Output the listing word for word, minus images.

* [Data below]:
Content starts
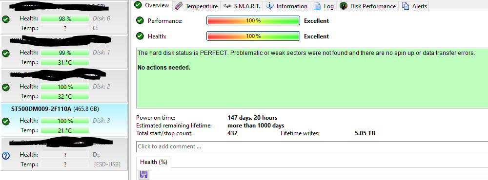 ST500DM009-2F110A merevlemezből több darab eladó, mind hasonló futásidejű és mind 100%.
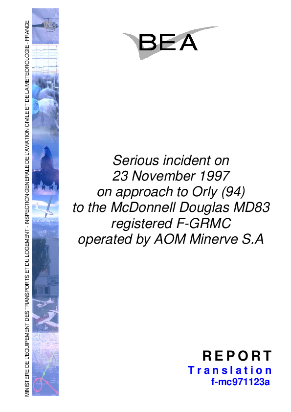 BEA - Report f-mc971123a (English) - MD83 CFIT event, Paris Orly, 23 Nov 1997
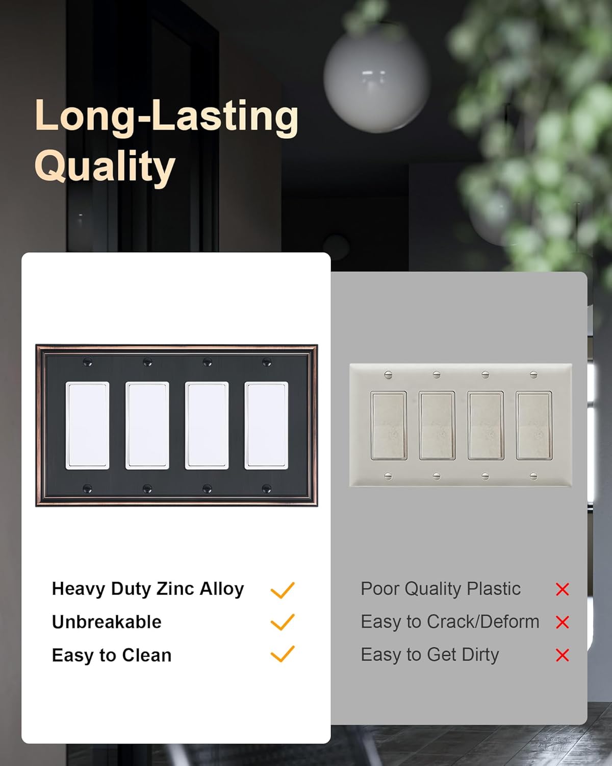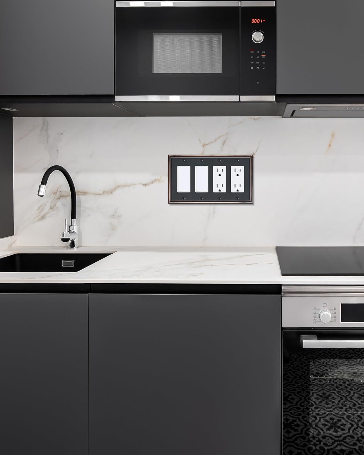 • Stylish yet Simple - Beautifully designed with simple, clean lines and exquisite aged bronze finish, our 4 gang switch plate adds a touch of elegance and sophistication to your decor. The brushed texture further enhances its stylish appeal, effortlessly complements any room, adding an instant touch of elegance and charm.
Content ends
* [Answer box]:
 ST500DM009-2F110A merevlemezből több darab eladó, mind hasonló futásidejű és mind 100%.
 BEA - Report f-mc971123a (English) - MD83 CFIT event, Paris Orly, 23 Nov 1997
 • Stylish yet Simple - Beautifully designed with simple, clean lines and exquisite aged bronze finish, our 4 gang switch plate adds a touch of elegance and sophistication to your decor. The brushed texture further enhances its stylish appeal, effortlessly complements any room, adding an instant touch of elegance and charm.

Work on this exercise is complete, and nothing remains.